En la situación actual por la que estamos atravesando, hay ciertas actitudes, argumentarios y formas de entender el “juego” político que me dejan perplejo y asustado. Ahora es tiempo de preguntarse desde unas filas el por qué de la falta de ilusión de la ciudadanía y desde las filas enfrentadas, el porqué no son capaces de comunicar con credibilidad y solvencia. Un partido y otro siempre mirándose el ombligo y dando por buena una situación dramática que es, desde mi humilde opinión, mala para ambos. Mala, en definitiva, para todos y todas.
Porque no se trata de un partido de fútbol en el que tras el pitido final se mira al marcador y se festeja o no el resultado. Tras el pitido final, es cuando toca sudar la camiseta. Toca ponerse a trabajar. ¿Qué imagen se transmite si nuestros políticos siguen proyectando ese espíritu de dejadez y de aletargamiento social?
Creo que nos merecemos una reflexión global. Creo que nos merecemos una nueva política.
Pero son muchas las personas que critican, patalean y ponen el grito en el cielo contra los políticos y políticas de este país sin aportar su visión. Esa no es mi intención. Mi intención, para empezar la semana, es decir abiertamente los diez puntos fundamentales que yo intentaría seguir si fuese político.
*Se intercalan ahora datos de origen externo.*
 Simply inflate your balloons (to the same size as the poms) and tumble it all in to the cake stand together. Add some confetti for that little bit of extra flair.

Seguro que muchas personas estarán a favor, otras en contra y algunas pensarán que es una utopía… Esto es la política.
1. Siempre trabajaría por un objetivo claro y bien comunicado. De esa manera toda persona estaría informada de mis intenciones reales y por lo tanto, podrían escoger entre apoyarme o no. Siendo realistas, seguramente ilusionando, pero NUNCA mintiendo. La realidad de nuestro objetivo debería ser, sin duda, una de nuestras mayores fortalezas. No se trata de llegar al poder, se trata de conseguir un objetivo positivo para todos y todas. Haría de la transparencia informativa mi marco básico.
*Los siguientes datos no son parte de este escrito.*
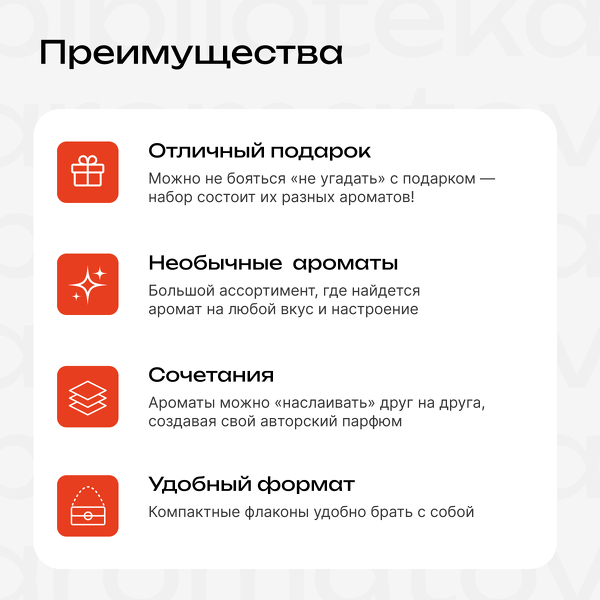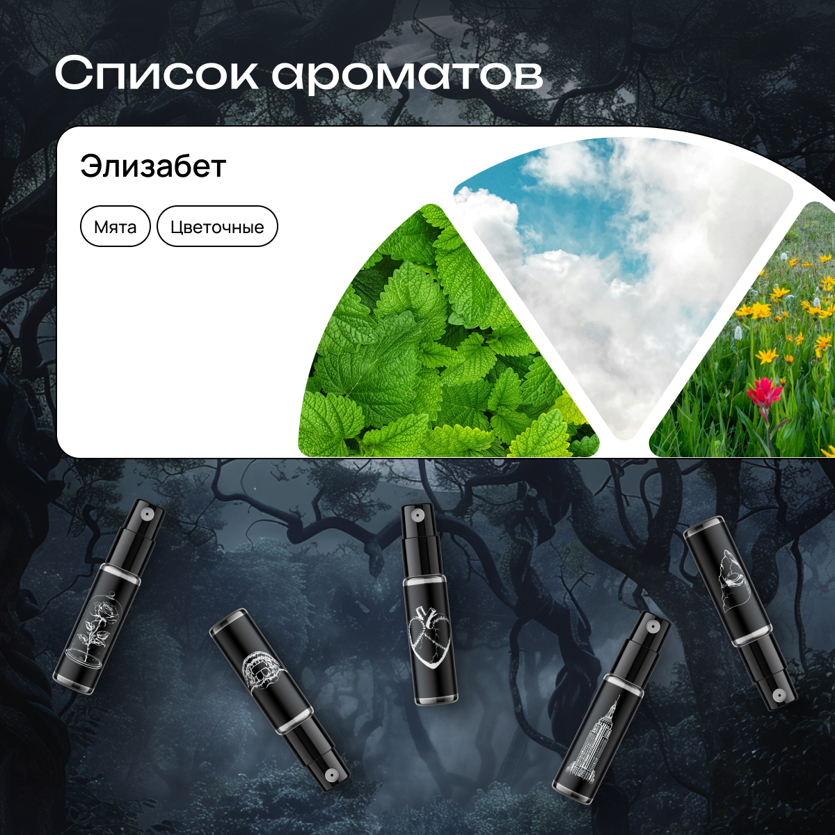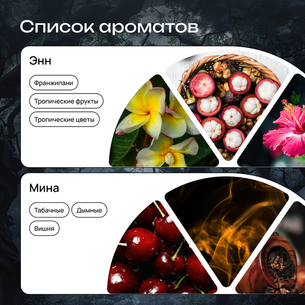 В боксе 5 ароматов-образов: «Мина» с терпким аккордом табака и вишни, «Белль», напоминающая пряное яблоко, «Энн» с нотами тропических цветов, «Элизабет» — мятное облако и загадочная «Кристина», переносящая в атмосферу чайной церемонии.

2. Nunca aceptaría ir en una lista integrada por personas que no tengan las manos limpias. Ya está bien de esta permisividad partidista de protegerse y de hacer del corporativismo político un refugio para la mentira, el robo o la corrupción. Ni una sola manzana podrida en mi cesto. Si en el derecho penal existe la figura del cómplice, en política lo son todas aquellas personas que conocen un hecho delictivo y lo ocultan para no perder un rédito electoral.
3. Nunca aceptaría la mediocridad. Ni listas, ni familias, ni cuotas. No hay excusa para introducir a personas mediocres dentro de una lista electoral o un equipo de trabajo. Cada puesto, cada responsabilidad, debe estar ocupada por una persona capaz, hábil y efectiva. El dinero público es demasiado valioso para ser gestionado por personas que hacen de la mediocridad bandera.
4. No basaría nunca ni mi campaña electoral, ni mi política, en el miedo. Hay mucho por hacer, muchas ideas por alcanzar y muchos derechos sociales por conquistar. Ilusión, optimismo, trabajo, planes de acción… ¿Porqué seguir transmitiendo odio y rencor? Debemos seguir trabajando en positivo para obtener un cambio constante y progresista, no insultar, denigrar o amedrentar a la ciudadanía. Si seguimos llenando nuestro discurso con esas ideas, estaremos incentivando a que se pierda la confianza en la política.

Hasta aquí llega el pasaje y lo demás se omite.